§ TASK DESCRIPTION:
Reproduce, exactly and in full, only the lines below from the one containing "Hinter dem Garten ist der Wald." through the one containing "两连板集合竞价就挂单减仓把1".

§ TASK MATERIAL:
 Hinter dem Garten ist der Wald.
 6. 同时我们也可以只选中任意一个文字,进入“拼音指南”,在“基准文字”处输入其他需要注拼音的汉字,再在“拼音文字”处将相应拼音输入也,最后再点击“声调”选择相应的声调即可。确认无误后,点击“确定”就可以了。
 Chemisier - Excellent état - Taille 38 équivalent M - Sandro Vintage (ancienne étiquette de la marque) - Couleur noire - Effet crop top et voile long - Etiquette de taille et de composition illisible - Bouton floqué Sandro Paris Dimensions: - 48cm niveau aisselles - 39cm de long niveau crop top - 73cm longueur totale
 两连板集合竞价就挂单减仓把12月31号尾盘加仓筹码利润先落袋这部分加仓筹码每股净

--

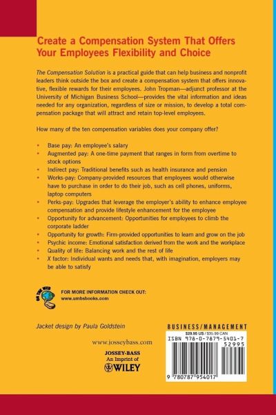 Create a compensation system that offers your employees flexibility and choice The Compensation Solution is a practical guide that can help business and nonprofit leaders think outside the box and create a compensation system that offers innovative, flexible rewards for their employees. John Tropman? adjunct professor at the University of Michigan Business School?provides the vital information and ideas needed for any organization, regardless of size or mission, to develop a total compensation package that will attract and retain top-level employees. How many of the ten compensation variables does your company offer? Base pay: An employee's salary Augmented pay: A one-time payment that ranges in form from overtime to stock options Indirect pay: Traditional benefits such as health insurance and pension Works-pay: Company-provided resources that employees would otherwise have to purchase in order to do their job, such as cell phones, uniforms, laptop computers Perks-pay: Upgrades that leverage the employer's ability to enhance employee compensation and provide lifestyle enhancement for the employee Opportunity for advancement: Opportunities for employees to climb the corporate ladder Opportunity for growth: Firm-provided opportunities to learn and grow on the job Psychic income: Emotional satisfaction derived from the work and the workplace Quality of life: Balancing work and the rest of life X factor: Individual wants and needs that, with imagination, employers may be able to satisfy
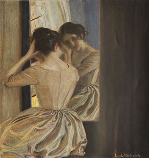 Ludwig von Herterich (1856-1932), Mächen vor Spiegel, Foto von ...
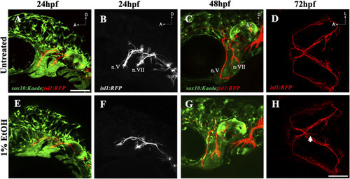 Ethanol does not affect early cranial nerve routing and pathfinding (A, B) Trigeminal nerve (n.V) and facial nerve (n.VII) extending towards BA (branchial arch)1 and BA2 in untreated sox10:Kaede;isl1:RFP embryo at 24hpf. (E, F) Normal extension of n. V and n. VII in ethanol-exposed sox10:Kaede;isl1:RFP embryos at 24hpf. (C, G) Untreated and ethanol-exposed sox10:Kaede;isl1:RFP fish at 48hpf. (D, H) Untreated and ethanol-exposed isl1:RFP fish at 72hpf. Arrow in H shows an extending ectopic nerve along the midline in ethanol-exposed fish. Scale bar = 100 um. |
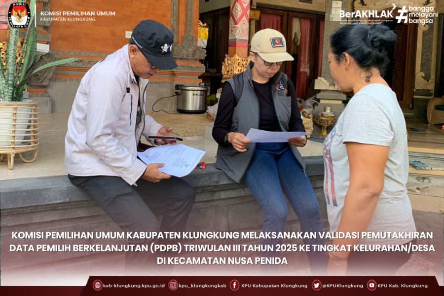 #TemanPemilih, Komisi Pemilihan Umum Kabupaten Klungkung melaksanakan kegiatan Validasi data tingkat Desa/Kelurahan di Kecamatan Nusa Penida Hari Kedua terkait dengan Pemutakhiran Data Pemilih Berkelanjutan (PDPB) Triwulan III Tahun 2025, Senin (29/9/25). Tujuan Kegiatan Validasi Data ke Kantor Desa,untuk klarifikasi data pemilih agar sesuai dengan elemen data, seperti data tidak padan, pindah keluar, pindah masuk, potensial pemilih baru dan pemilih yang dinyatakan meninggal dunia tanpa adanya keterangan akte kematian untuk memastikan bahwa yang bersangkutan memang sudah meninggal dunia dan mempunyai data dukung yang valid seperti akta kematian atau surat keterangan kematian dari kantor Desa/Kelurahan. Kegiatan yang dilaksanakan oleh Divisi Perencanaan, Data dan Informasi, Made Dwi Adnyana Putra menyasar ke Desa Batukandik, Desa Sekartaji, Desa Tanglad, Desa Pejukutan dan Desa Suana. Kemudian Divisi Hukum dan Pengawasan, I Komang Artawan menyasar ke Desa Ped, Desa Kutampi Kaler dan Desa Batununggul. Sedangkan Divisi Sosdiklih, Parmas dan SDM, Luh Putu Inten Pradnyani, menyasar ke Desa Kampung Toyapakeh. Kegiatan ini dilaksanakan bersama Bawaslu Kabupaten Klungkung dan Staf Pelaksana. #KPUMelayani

§ ANSWER TO THE PROBLEM:
 Hinter dem Garten ist der Wald.
 6. 同时我们也可以只选中任意一个文字,进入“拼音指南”,在“基准文字”处输入其他需要注拼音的汉字,再在“拼音文字”处将相应拼音输入也,最后再点击“声调”选择相应的声调即可。确认无误后,点击“确定”就可以了。
 Chemisier - Excellent état - Taille 38 équivalent M - Sandro Vintage (ancienne étiquette de la marque) - Couleur noire - Effet crop top et voile long - Etiquette de taille et de composition illisible - Bouton floqué Sandro Paris Dimensions: - 48cm niveau aisselles - 39cm de long niveau crop top - 73cm longueur totale
 两连板集合竞价就挂单减仓把12月31号尾盘加仓筹码利润先落袋这部分加仓筹码每股净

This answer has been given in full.